> [Provided material]
┄┄┄┄┄┄┄┄┄┄┄┄┄┄┄┄┄┄┄┄

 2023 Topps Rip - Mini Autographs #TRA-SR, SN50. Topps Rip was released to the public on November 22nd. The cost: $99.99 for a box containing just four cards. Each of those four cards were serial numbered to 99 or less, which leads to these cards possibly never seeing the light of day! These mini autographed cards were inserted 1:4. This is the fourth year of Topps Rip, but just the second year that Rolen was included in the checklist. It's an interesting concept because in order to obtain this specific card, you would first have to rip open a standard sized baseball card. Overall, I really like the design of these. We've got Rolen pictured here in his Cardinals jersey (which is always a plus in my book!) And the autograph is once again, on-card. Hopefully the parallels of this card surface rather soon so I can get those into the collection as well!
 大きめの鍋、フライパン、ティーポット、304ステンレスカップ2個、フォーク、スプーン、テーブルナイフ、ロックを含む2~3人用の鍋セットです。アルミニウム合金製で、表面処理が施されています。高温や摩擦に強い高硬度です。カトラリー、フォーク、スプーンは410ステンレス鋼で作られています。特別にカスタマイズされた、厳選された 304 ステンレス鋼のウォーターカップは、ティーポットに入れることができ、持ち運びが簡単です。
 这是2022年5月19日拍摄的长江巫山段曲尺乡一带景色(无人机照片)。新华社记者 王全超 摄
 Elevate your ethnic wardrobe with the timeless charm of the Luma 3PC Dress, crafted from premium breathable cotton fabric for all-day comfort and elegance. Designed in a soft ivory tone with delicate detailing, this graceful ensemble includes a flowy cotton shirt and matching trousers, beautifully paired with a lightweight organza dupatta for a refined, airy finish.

┄┄┄┄┄┄┄┄┄┄┄┄┄┄┄┄┄┄┄┄

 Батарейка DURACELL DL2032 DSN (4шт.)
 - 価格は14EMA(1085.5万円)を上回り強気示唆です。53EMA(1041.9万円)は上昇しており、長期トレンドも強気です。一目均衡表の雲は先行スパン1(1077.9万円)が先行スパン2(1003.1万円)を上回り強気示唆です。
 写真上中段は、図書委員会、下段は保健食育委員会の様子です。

┄┄┄┄┄┄┄┄┄┄┄┄┄┄┄┄┄┄┄┄

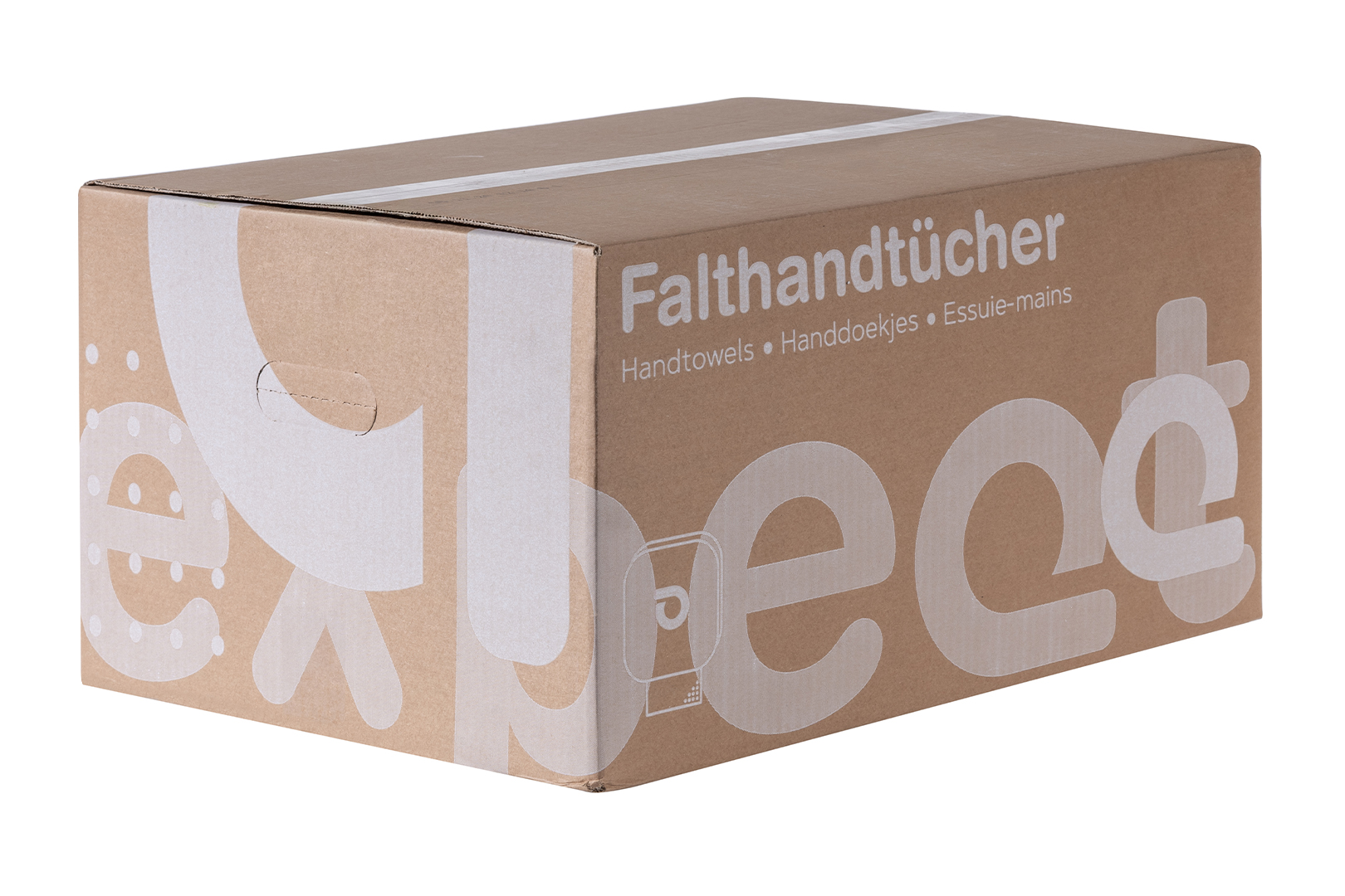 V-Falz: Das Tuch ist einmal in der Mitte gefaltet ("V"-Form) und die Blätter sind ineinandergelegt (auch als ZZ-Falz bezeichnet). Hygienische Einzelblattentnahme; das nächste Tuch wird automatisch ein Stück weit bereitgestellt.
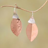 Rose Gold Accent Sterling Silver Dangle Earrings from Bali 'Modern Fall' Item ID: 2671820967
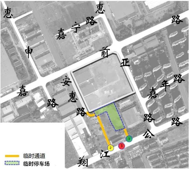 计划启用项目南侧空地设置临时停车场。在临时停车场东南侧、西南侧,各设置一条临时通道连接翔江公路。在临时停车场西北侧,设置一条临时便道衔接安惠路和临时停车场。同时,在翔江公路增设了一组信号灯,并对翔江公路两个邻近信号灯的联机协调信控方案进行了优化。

┄┄┄┄┄┄┄┄┄┄┄┄┄┄┄┄┄┄┄┄

> [What the task asks] Print exactly the lines above that run from the one with "V-Falz: Das Tuch" to the one with "计划启用项目南侧空地设置临时", both included. No pictures.

> [Exercise answer]
 V-Falz: Das Tuch ist einmal in der Mitte gefaltet ("V"-Form) und die Blätter sind ineinandergelegt (auch als ZZ-Falz bezeichnet). Hygienische Einzelblattentnahme; das nächste Tuch wird automatisch ein Stück weit bereitgestellt.
 Rose Gold Accent Sterling Silver Dangle Earrings from Bali 'Modern Fall' Item ID: 2671820967
 计划启用项目南侧空地设置临时停车场。在临时停车场东南侧、西南侧,各设置一条临时通道连接翔江公路。在临时停车场西北侧,设置一条临时便道衔接安惠路和临时停车场。同时,在翔江公路增设了一组信号灯,并对翔江公路两个邻近信号灯的联机协调信控方案进行了优化。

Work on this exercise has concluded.